_Dataset extract_
BEGIN

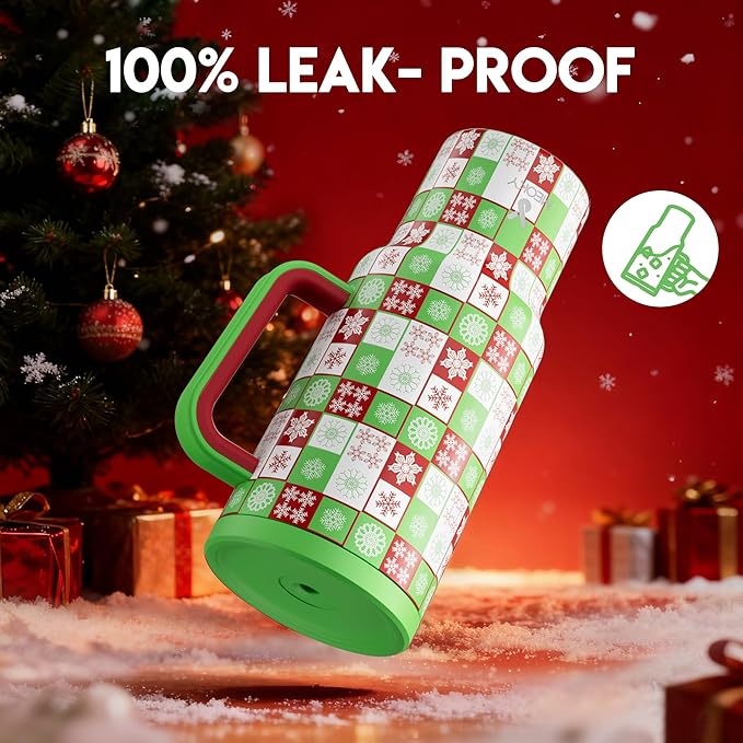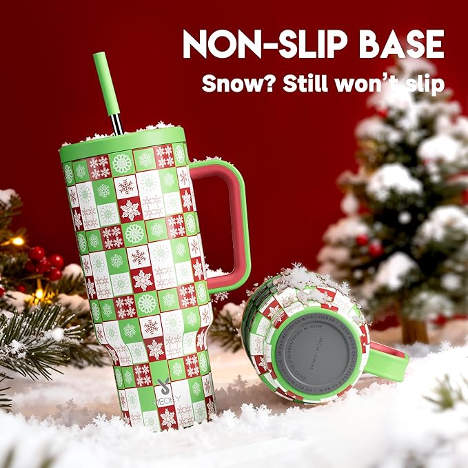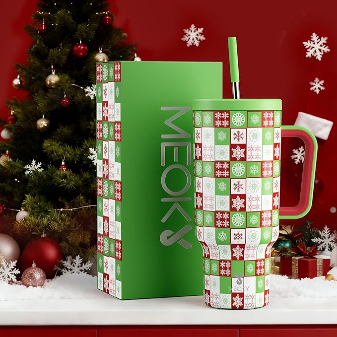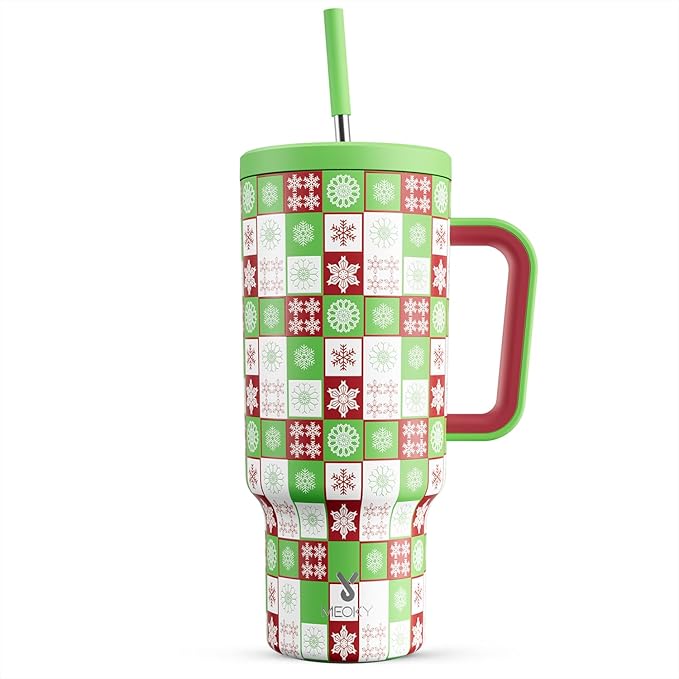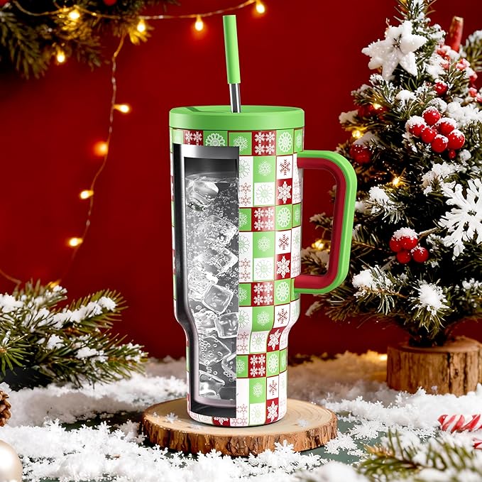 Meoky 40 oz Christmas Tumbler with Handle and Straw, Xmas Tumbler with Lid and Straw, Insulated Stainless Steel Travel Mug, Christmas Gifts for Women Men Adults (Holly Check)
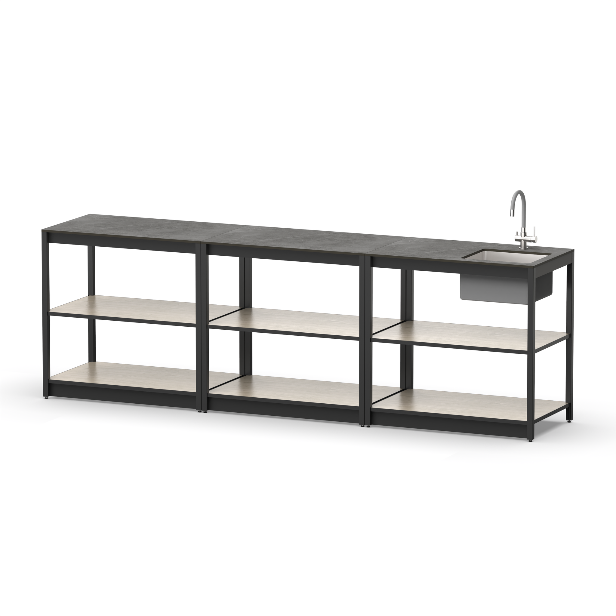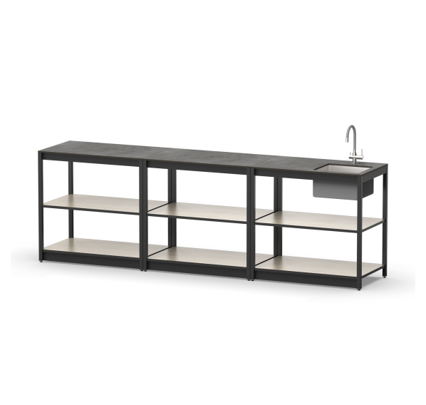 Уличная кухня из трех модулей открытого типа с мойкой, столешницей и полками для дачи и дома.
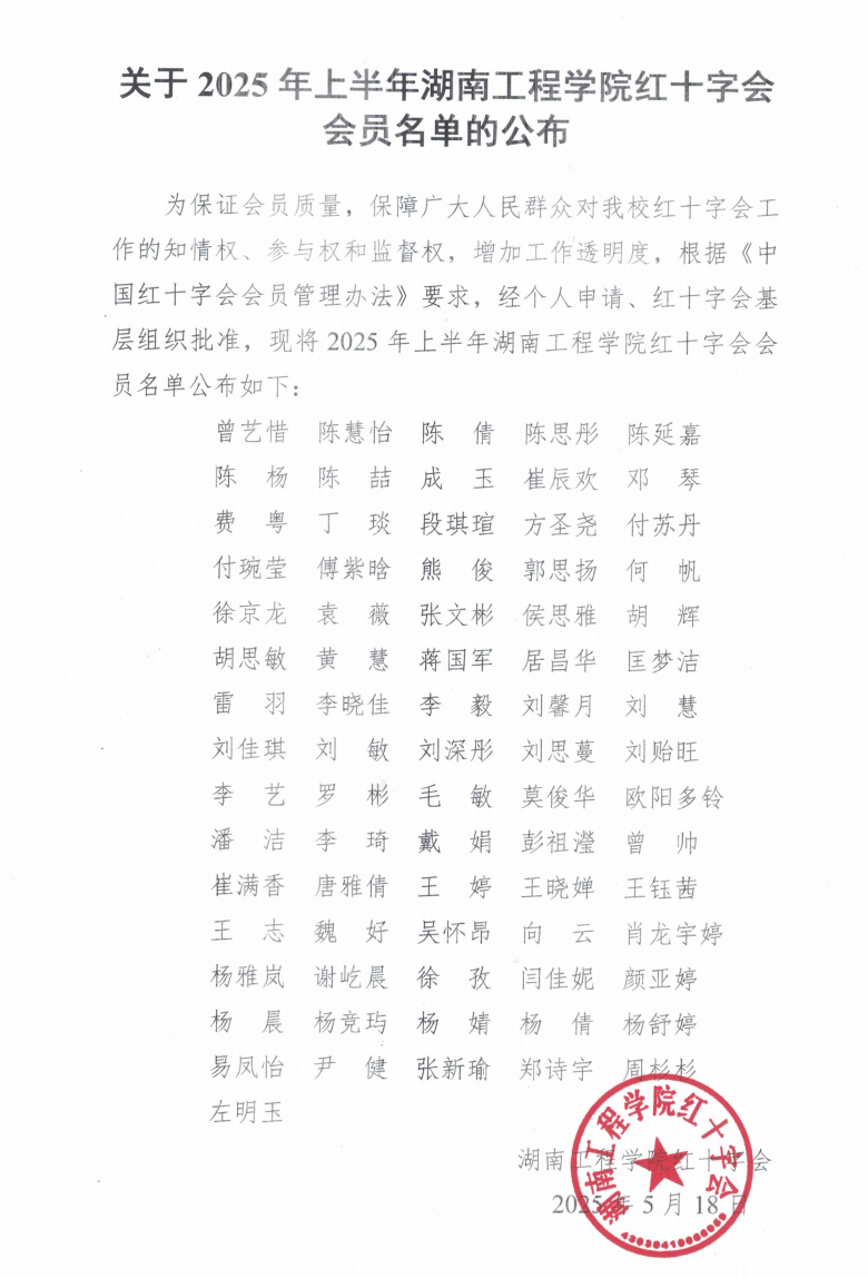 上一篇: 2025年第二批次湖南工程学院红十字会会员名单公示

END

Beginning with the line that bears "Уличная кухня из", output each line through the last line of the listing exactly, and no others; skip the pictures.

 Уличная кухня из трех модулей открытого типа с мойкой, столешницей и полками для дачи и дома.
 上一篇: 2025年第二批次湖南工程学院红十字会会员名单公示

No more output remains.